Assigned task -
From the records below, transcribe only the lines running from the one with "Hộ, cá nhân" through the one with "skew变成各个flop之间的Launch和capture clock path的最大差值。". Keep both of those end lines.

Data excerpts -

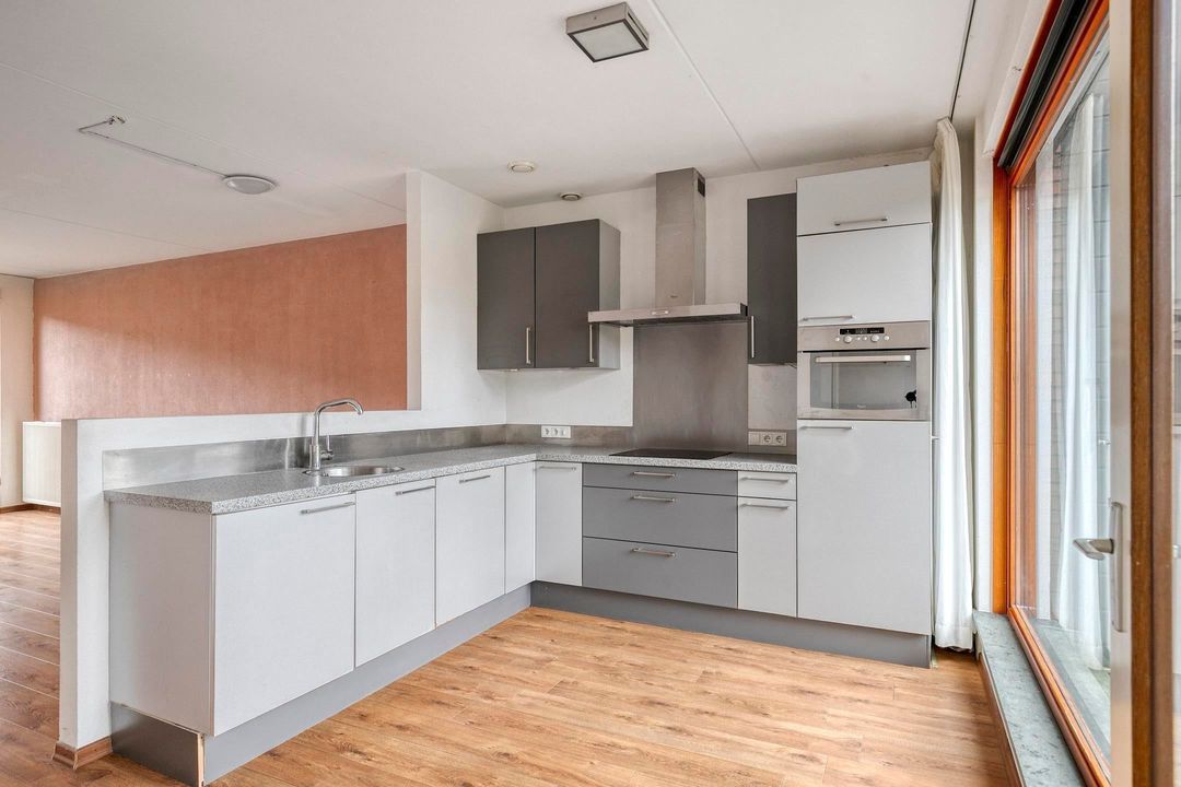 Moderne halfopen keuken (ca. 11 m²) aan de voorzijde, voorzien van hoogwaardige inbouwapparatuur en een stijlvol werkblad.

==

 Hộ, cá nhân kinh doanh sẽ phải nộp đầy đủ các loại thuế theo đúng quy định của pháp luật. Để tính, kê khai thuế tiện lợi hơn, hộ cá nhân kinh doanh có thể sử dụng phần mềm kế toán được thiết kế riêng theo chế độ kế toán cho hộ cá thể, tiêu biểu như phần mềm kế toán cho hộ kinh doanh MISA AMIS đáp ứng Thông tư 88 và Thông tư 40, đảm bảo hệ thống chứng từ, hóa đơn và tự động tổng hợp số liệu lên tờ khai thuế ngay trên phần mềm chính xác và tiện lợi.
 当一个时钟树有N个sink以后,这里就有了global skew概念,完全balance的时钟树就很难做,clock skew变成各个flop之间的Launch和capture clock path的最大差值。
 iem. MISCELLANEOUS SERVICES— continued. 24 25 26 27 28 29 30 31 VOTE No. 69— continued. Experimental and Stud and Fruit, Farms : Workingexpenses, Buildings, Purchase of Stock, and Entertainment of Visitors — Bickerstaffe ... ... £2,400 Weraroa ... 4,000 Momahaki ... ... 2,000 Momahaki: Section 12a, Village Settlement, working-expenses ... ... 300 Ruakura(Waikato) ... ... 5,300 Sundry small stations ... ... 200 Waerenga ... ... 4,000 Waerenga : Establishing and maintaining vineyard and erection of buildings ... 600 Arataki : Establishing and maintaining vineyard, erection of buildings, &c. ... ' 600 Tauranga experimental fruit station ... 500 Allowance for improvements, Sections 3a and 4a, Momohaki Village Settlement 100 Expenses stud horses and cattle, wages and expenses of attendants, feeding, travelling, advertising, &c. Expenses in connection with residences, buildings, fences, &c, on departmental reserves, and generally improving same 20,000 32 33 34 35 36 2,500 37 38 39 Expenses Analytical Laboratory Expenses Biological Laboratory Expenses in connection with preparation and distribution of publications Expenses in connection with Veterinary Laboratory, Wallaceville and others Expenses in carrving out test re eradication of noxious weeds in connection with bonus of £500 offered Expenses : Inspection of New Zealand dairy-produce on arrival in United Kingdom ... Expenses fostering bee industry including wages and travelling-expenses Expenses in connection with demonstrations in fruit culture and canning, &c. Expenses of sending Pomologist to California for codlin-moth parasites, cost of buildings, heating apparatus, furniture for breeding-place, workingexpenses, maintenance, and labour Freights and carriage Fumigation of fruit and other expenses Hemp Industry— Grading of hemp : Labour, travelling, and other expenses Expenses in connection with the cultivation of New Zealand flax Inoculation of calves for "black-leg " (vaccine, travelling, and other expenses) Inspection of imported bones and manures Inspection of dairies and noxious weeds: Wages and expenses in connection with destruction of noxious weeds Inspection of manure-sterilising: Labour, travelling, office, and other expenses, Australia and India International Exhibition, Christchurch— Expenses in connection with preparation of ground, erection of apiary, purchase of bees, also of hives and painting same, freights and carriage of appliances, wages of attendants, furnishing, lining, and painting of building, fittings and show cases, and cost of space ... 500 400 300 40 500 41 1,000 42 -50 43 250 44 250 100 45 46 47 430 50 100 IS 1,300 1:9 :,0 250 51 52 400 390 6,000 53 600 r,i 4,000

Your solution -
 Hộ, cá nhân kinh doanh sẽ phải nộp đầy đủ các loại thuế theo đúng quy định của pháp luật. Để tính, kê khai thuế tiện lợi hơn, hộ cá nhân kinh doanh có thể sử dụng phần mềm kế toán được thiết kế riêng theo chế độ kế toán cho hộ cá thể, tiêu biểu như phần mềm kế toán cho hộ kinh doanh MISA AMIS đáp ứng Thông tư 88 và Thông tư 40, đảm bảo hệ thống chứng từ, hóa đơn và tự động tổng hợp số liệu lên tờ khai thuế ngay trên phần mềm chính xác và tiện lợi.
 当一个时钟树有N个sink以后,这里就有了global skew概念,完全balance的时钟树就很难做,clock skew变成各个flop之间的Launch和capture clock path的最大差值。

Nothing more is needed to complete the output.